Neuralytix does not believe that Symantec necessarily views security and information management as distinct as it does through its corporate organization and messaging. If the corporate messaging to customers is such, then customers are going to view Symantec that way.

Product integrations take time. However, the overall corporate messaging must be clear. So far, this message has just fallen short of where Symantec needs to be.

Unified means one, not two

It is ironic that both business unit names start with unified, yet a core differentiator of Symantec is not unified – security and data management.

Ultimately, Symantec needs to weave its story into one story – one very strong story. That story should read, only “Symantec has the ability to use data to accelerate your business through secure data management”. This is a message that can carry Symantec through 2020 and beyond.

Ideally, the IFP should be the instantiation of this story. All the various product solutions should “plug into” the platform. The IFP would become an ecosystem unto itself, providing opportunities by third party to deliver enhanced or unique data services, along with Symantec.

An example of this model would be VMware’s model. The hypervisor would be the “platform”. VMware offers vNetworking, vComputing, and vStorage to some degree, allowing its customers to make a choice between a holistic and collective single vendor approach, and it can take advantage of the specialization offered through the ecosystem.

Symantec can mirror this model. It already has best of breed and leading solutions in many aspects of the ecosystem, making it a leading contender for the various data services provision.

Conclusion

The vision expressed in Symantec Vision 2014 is a clear indicator that Symantec is beginning to understand the contemporary approaches of the data and information management markets. Its leadership in security is separately well appreciated by the market.

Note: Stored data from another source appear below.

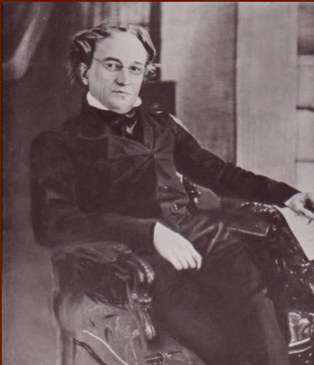
Ф.И.Тютчев в конце 1840-х годов
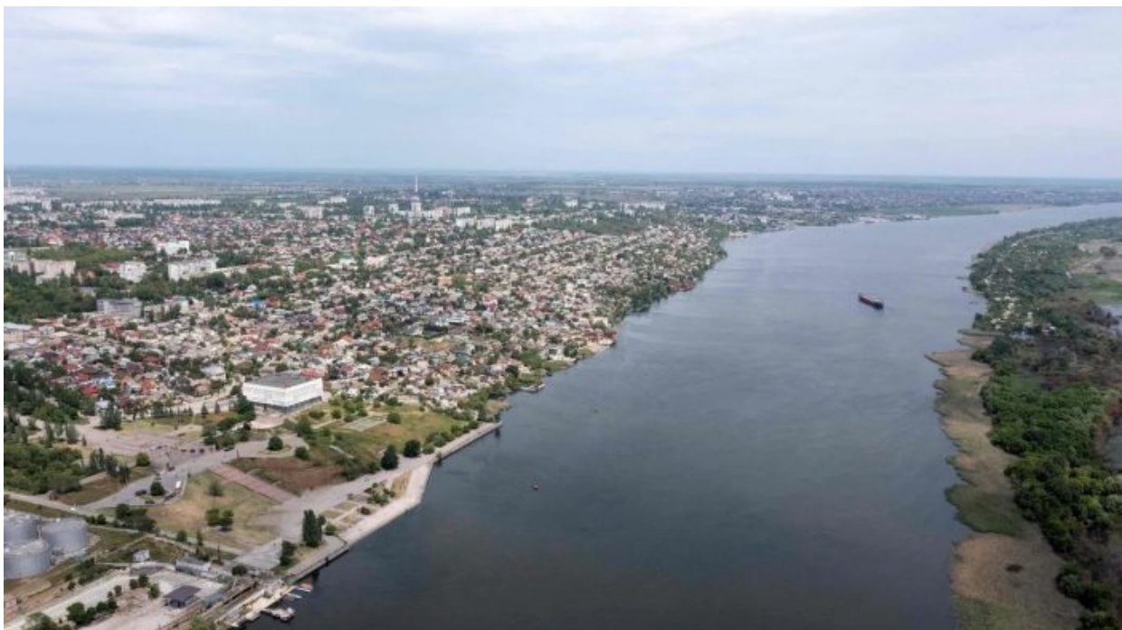
Vlevo město Cherson, vpravo levý břeh Dněpru

NATO zablokovalo Ukrajincům navigační palebné systémy, které přestaly fungovat, přestalo pracovat zaměřování raketometů HIMARS a americké výzvědné drony Global Hawk přestaly Ukrajincům předávat palebné souřadnice. A to není všechno. Volodymyr Zelenský ve čtvrtek oznámil, že Ukrajina je připravena k jednání, ale ze seznamu podmínek zmizela zmínka o tom, že Kyjev bude jednat pouze s nástupcem Vladimira Putina, nikoliv s ním.
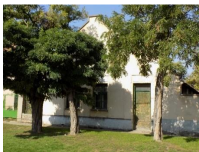
Lakóház (Tó u. 20. hrsz.527.)
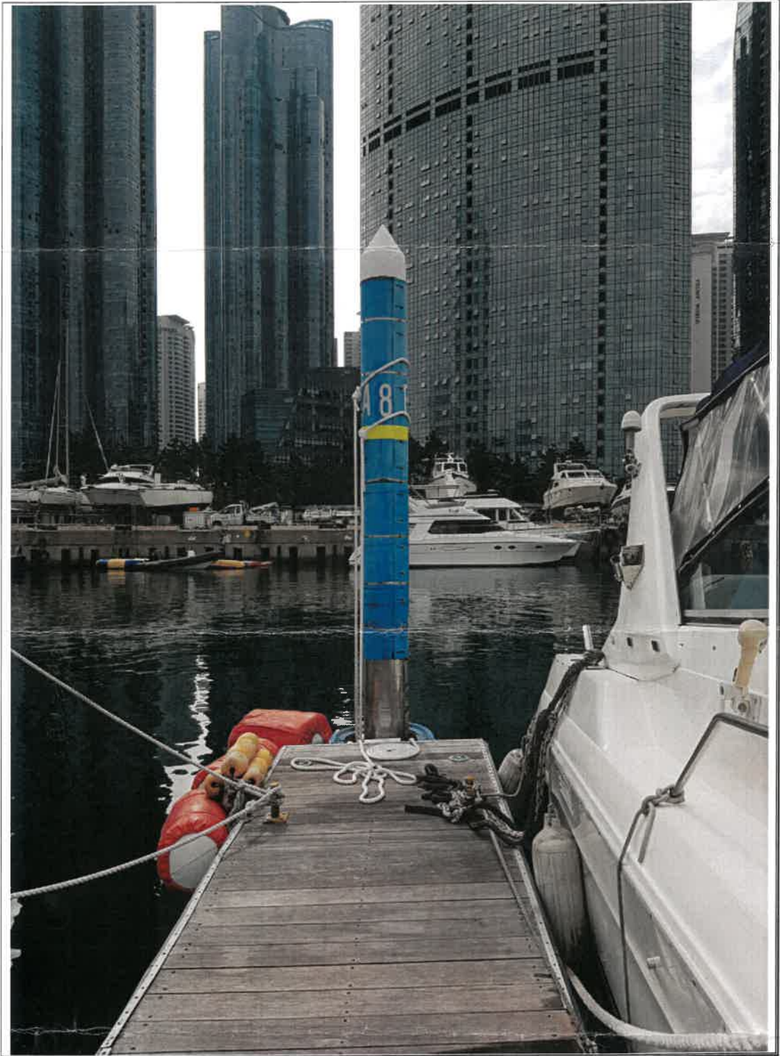
폰툰 파일 표시선(형광색 야간 반사지) 위쪽 계류색(훗줄) 보강 현장사진 예시
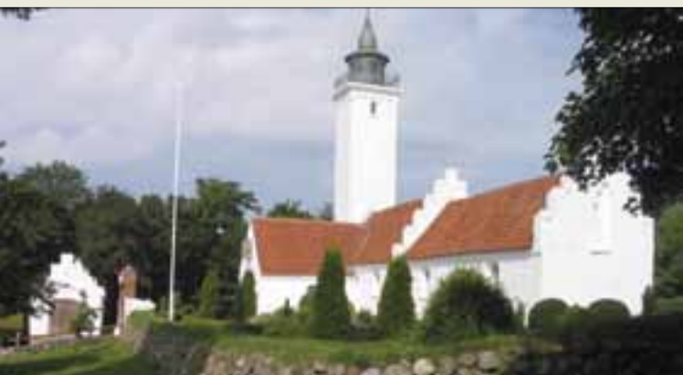
Tunø kirketårn fungerer som fyrtårn.
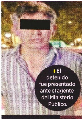
El detenido fue presentado ante el agente del Ministerio Público.
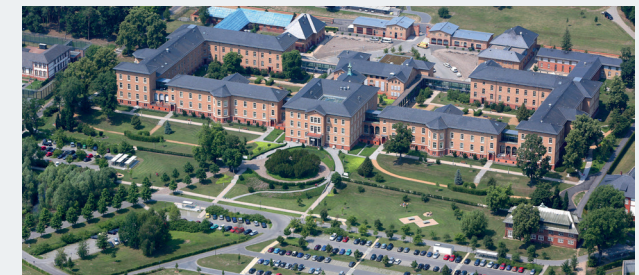
Luftaufnahme Martin Gropius Krankenhausgelände
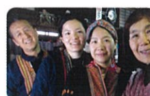
シンチャオ ヴェトナム 民族楽器
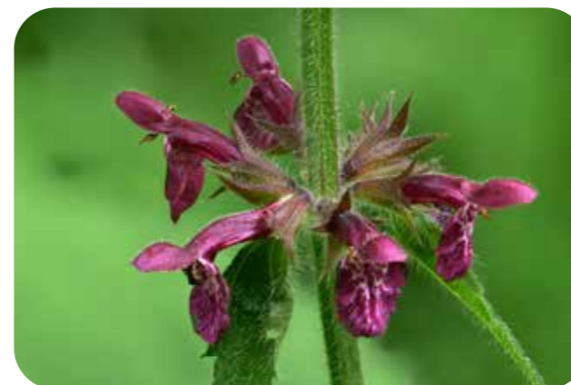
Blütenstand von Wald-Ziest Stachys sylvatica

Auch im August / September wurden wieder interessante Funde im Bild festgehalten. Bei den Monatstreffen können Pflanzen oder Bilder von Pflanzen vorgestellt werden.
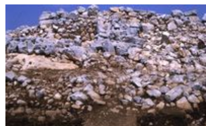
Abb. 4 Blick auf den sog. Altar; in der Mitte im Vordergrund die
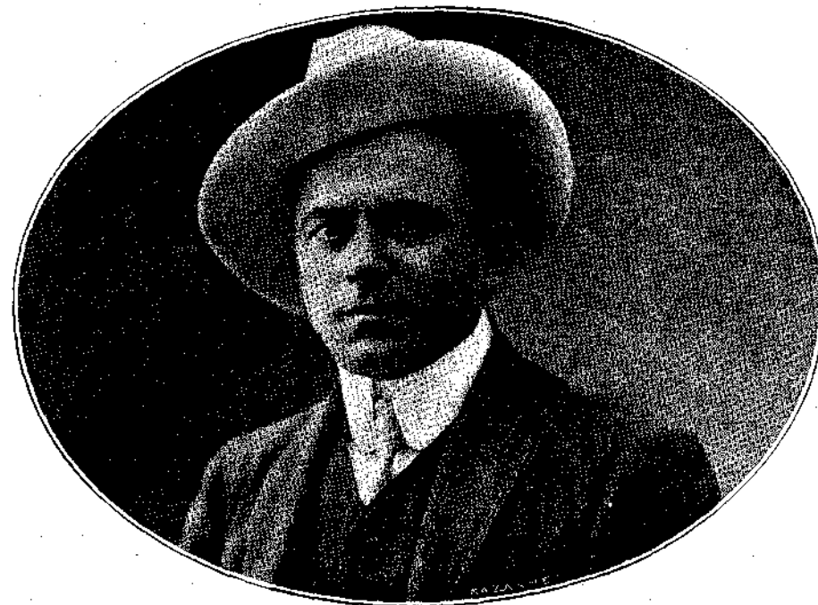
ΚΩΝΣΤΑΝΤΙΝΟΣ ΣΑΓΙΩΦ Ο ΑΠΟΣΘΑΝΩΝ ΚΩΜΙΚΟΣ
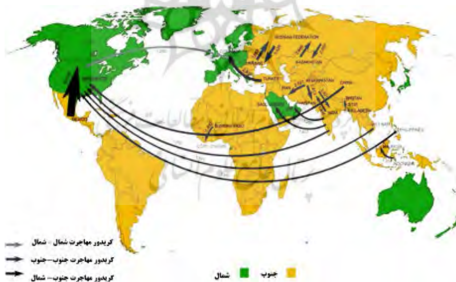
شکل ۲: بیست مسیر اصلی مهاجرت در جهان (IOM calculation, based on UN, DESA 2010).

بر اساس سرشماری عمومی نفوس و مسکن در سال ۱۳۸۵ تعداد مهاجرین افغانستانی در ایران برابر با ۱۲۱۱۱۷۱ نفر بوده است که در سال ۱۳۹۰ این رقم به ۱۴۵۲۵۱۳ نفر افزایش یافته است. همچنان که در نقشه زیر دیده می‌شود، مهاجرت از افغانستان به ایران یکی از بیست مسیر اصلی مهاجرت در جهان تبدیل شده است.

Symantec’s leadership has recognized the challenge of the numerous point solutions it had, and over the last 12 months has made significant in-roads to leverage the value of integration of its various offerings.

Nevertheless, Neuralytix believes Symantec falls just shy of the mark. It must not only continue the success it has had in integration and simplification of its solutions, but it must accelerate its development of its Information Fabric Platform (IFP) and even more importantly, its ability to deliver a singularly integrated secure data management platform.

Given Symantec’s talented developers, Neuralytix believes by FY2015, Symantec will achieve this. Neuralytix believes that Symantec must start articulating this one-Symantec message soon, and continue it through 2015.